■ **INPUT FOR THIS TASK**:

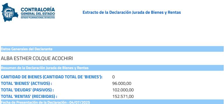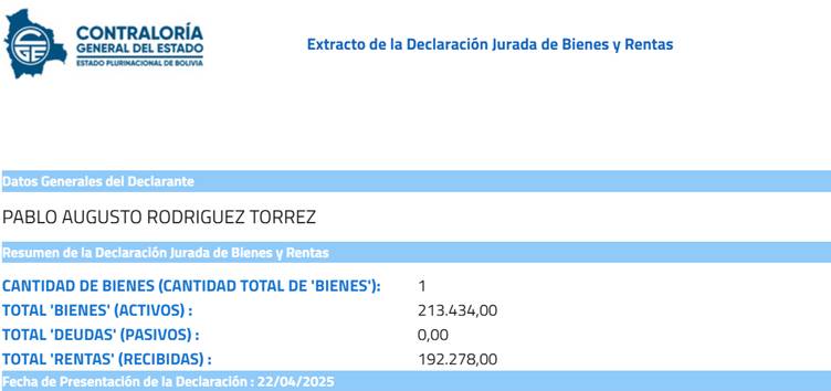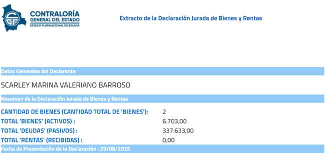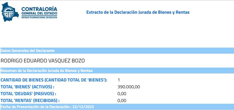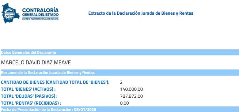 Su más reciente declaración jurada data del 8 de enero de 2026; es decir, en la presente gestión de Rodrigo Paz.
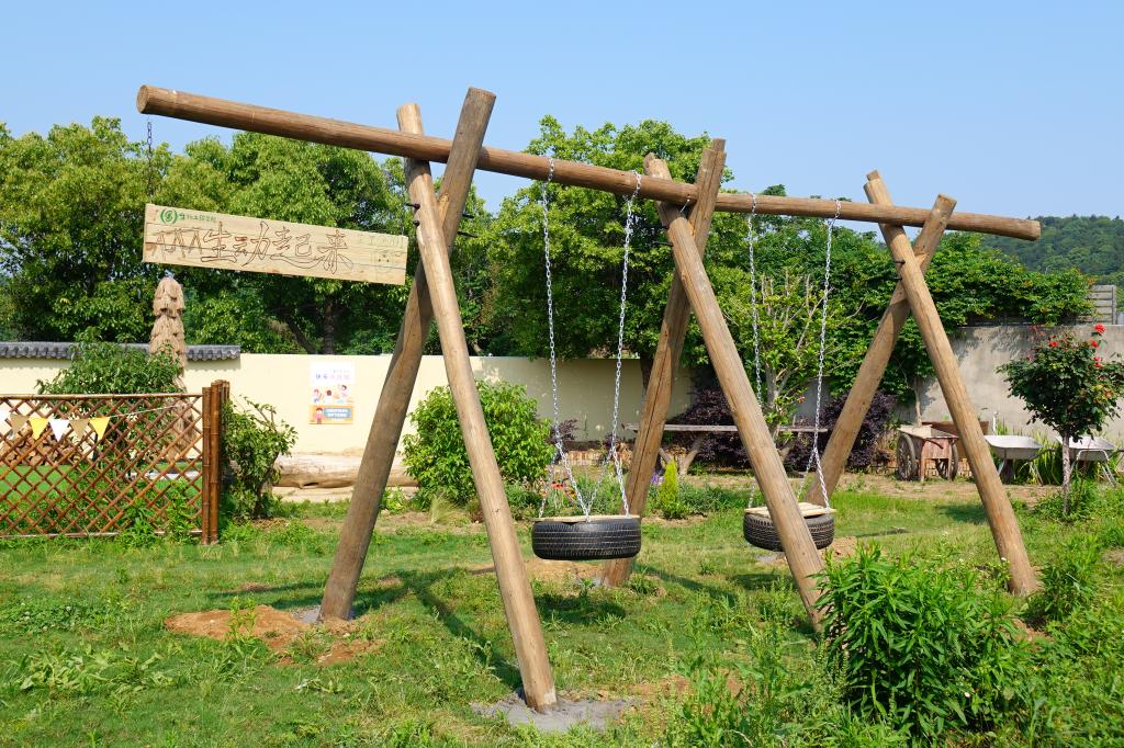 本次实践活动的主题是制作木制秋千。在实践基地老师的指导下,同学们分为四组,分别完成了搭建立柱、制作展示牌、安装秋千底座和制备水泥等工作。尽管烈日炎炎,但同学们依然热情高涨,积极参与。在有序高效的分工合作之下,历经四个小时的不懈努力,最终完成了秋千的制作。
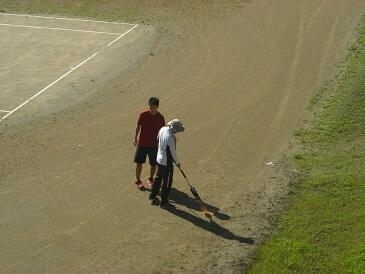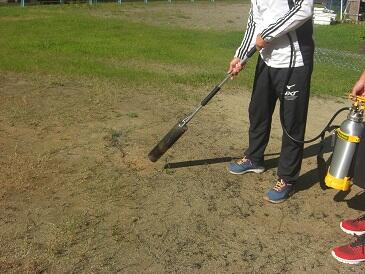 本校の仁田脇教諭が自宅から持って来た道具を使って、グラウンドの雑草の処理をしています。前もって、自動車で金属の器具をけん引して回っていたので雑草は枯れつつあり、炎天下でよく燃えます。
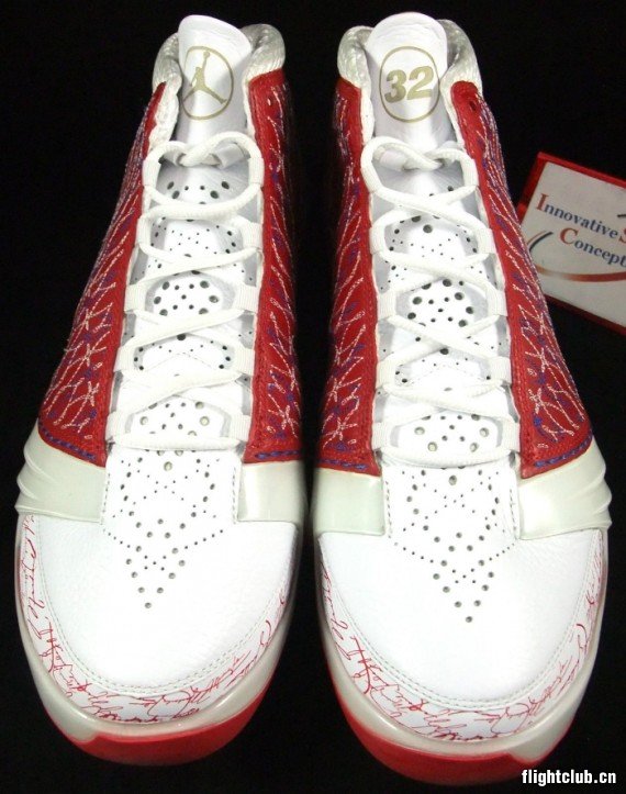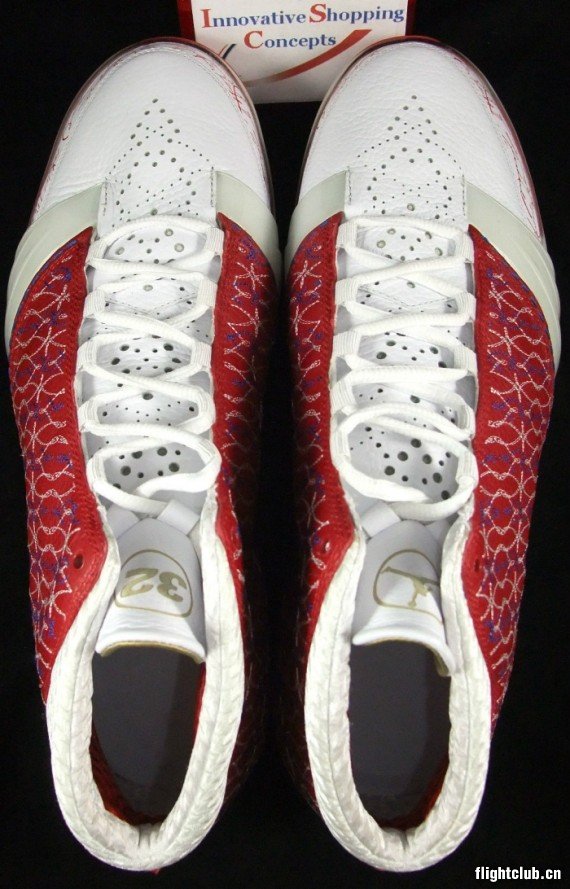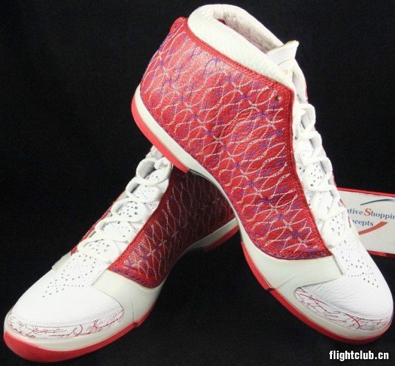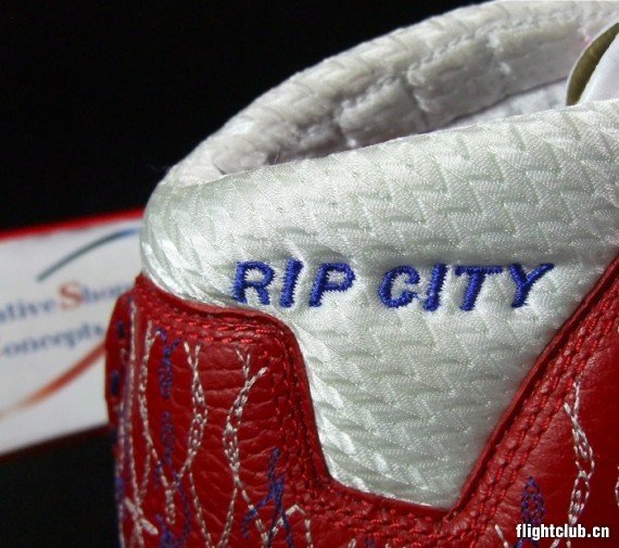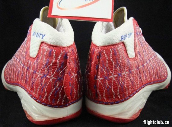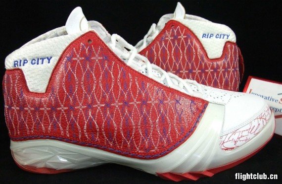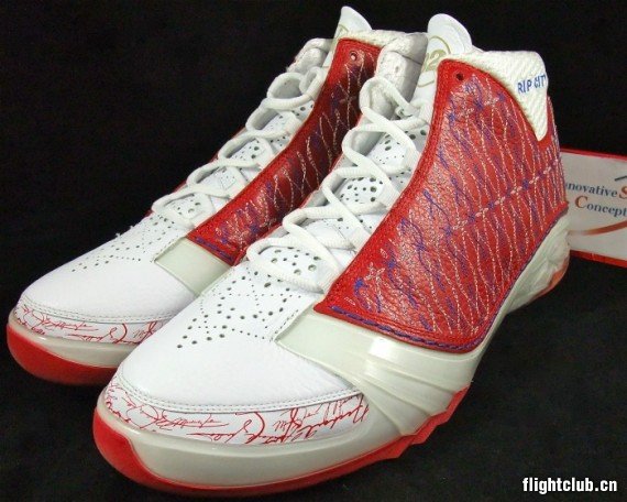 眼前这双特别的Air Jordan XX3是为Rip Hamilton在活塞队时期打造的替换配色PE,红色皮革鞋身附有XX3刺绣纹理,配上鞋头红色MJ签名点缀以及脚踝处皇家蓝色RIP CITY刺绣,此双PE现正在eBay出售中。
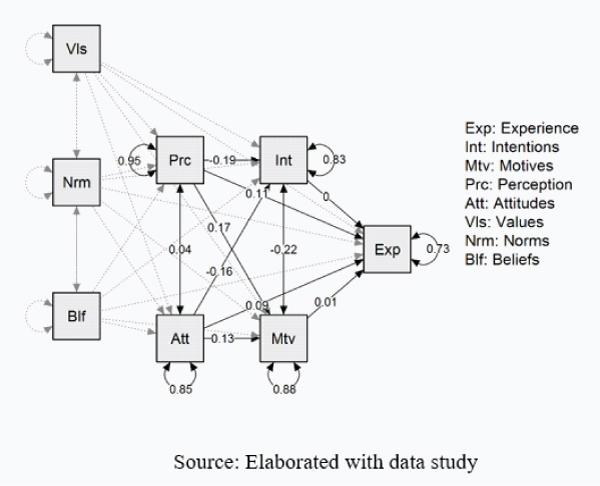 Extraction method: Main axes with promax rotation and obliquity criterion. Multivariate Kurtosis = 2.394; KMO=0.719; X 2 = 3.719, 15df, p = 0.000, F1 = Values (41% of the total variance explained), F2 = Beliefs (33% of the total variance explained), F3 = Perceptions (28% of the total variance explained), F4 = Motives (23% of the total variance explained), F5 = Attitudes (17% of the total variance explained), F6 = Norms (14% of the total variance explained), F7 = Intentions (9% of the total variance explained ); F8 = Experiences (7% of the total variance explained). M = Mean, SD = Standard deviation, C = Kurtosis |
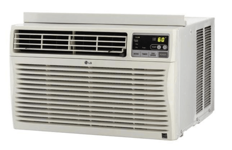 Our downstairs air conditioners weigh a lot, e.g., this LG 12,000 BTU unit…
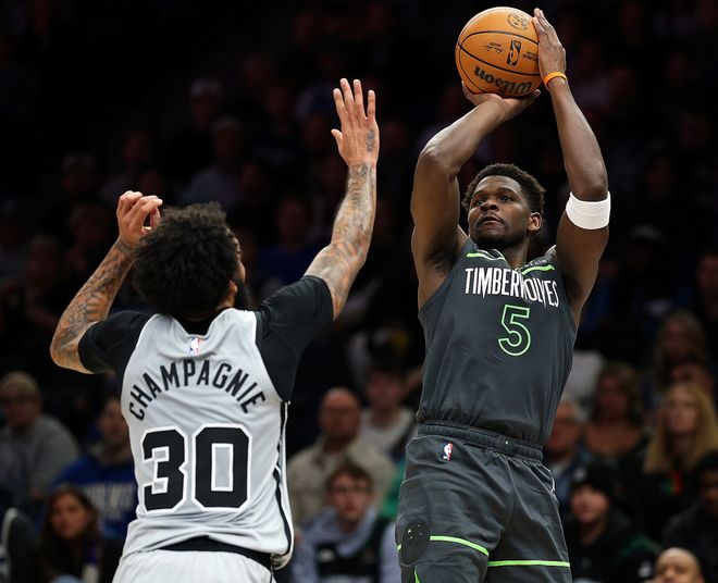 爱德华兹执行最关键的一次进攻,爱德华兹借兰德尔的掩护抛投命中,终场前16秒森林狼再度反超1分马刺这边要暂停。马刺为文班亚马画了一个绝杀战术,但顶着兰德尔罚球线绝杀不中,马刺拼下前场篮板给福克斯三分继续不中,最终马刺被森林狼逆转19分。
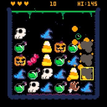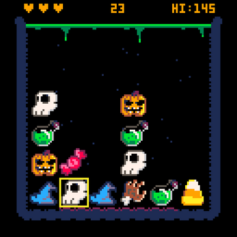 Play it right here in the browser at the top of the screen. Or download the cart and play it in your PICO-8 fantasy console. Or search for "trick or three" in Splore of your PICO-8 fantasy console.
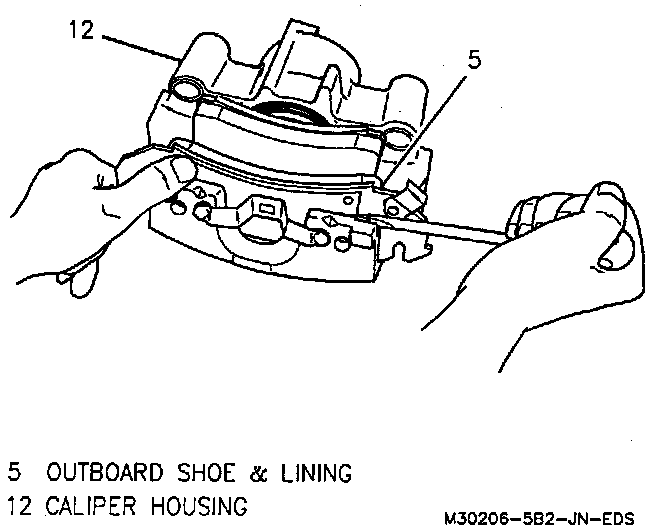 2. Remove outboard shoe and lining.Use screwdriver to disengage buttons on shoe from holes in caliper housing.
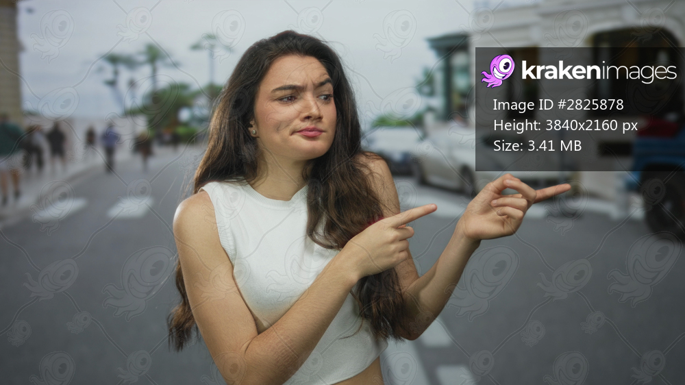 Hispanic teenage woman wearing white crop top finger pointing to object on busy city street crosswalk; uncertainty.
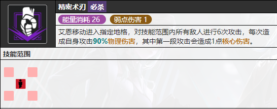 禁闭者档案 禁闭者MBCC-S-062 艾恩 ■诡秘特化 Umbra Tendency 「清除狂厄的理想,很快就能实现了。」 * 条目I:辛迪加“彼岸诊所”创始人,对外提供庇护和医疗帮助的中立势力。 * 条目II:对象滥用异能擅自包庇、聚集狂厄患者,隐瞒禁闭者身份蔑视MBCC执法权,给辛迪加带来极高污染风险。 * 条目III[已解锁]:异能名称【神经电极】。能对神经电流进行精密控制,有效帮助机械手臂与原生神经融合,实现超乎想象的精密战斗效果。 ■查阅权限 [已解锁] ※荒舟绮梦追踪限时概率提升 「放着那些辛迪加的暴徒不管,却把治病救人的医师关起来?哼,好一个善恶不分的MBCC。」 「人们害怕的不是狂厄本身,而是狂厄带来的暴力与死亡,这也正是我必须清除罪孽的原因。」 技能介绍
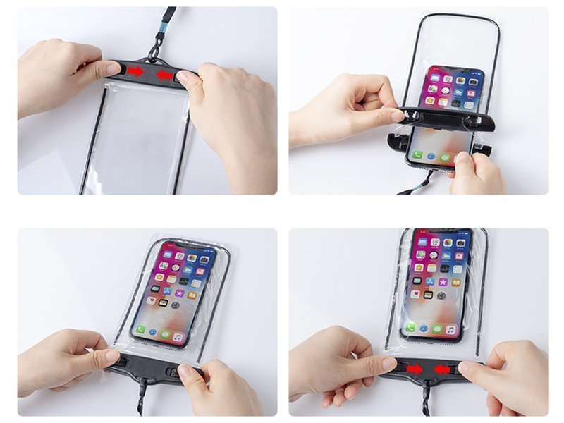 Dodatkowo producent do każdego etui dorzucił smycz, dzięki której możesz bezpiecznie powiesić je na szyi czy też dłoni. Etui jest bardzo funkcjonalne, doskonale chroni Twój telefon, dokumenty, dowód osobisty, paszport, karty kredytowe, pieniądze i wiele innych przed zalaniem i wilgocią. Posiada specjalne obramówki wypełnione powietrzem, dzięki czemu unosi się na powierzchni wody

■ **TASK GOAL**: Print, with pictures removed, exactly the lines of the records above from the top through the line containing "本校の仁田脇教諭が自宅から持".

■ **COMPLETED EXERCISE**:
 Su más reciente declaración jurada data del 8 de enero de 2026; es decir, en la presente gestión de Rodrigo Paz.
 本次实践活动的主题是制作木制秋千。在实践基地老师的指导下,同学们分为四组,分别完成了搭建立柱、制作展示牌、安装秋千底座和制备水泥等工作。尽管烈日炎炎,但同学们依然热情高涨,积极参与。在有序高效的分工合作之下,历经四个小时的不懈努力,最终完成了秋千的制作。
 本校の仁田脇教諭が自宅から持って来た道具を使って、グラウンドの雑草の処理をしています。前もって、自動車で金属の器具をけん引して回っていたので雑草は枯れつつあり、炎天下でよく燃えます。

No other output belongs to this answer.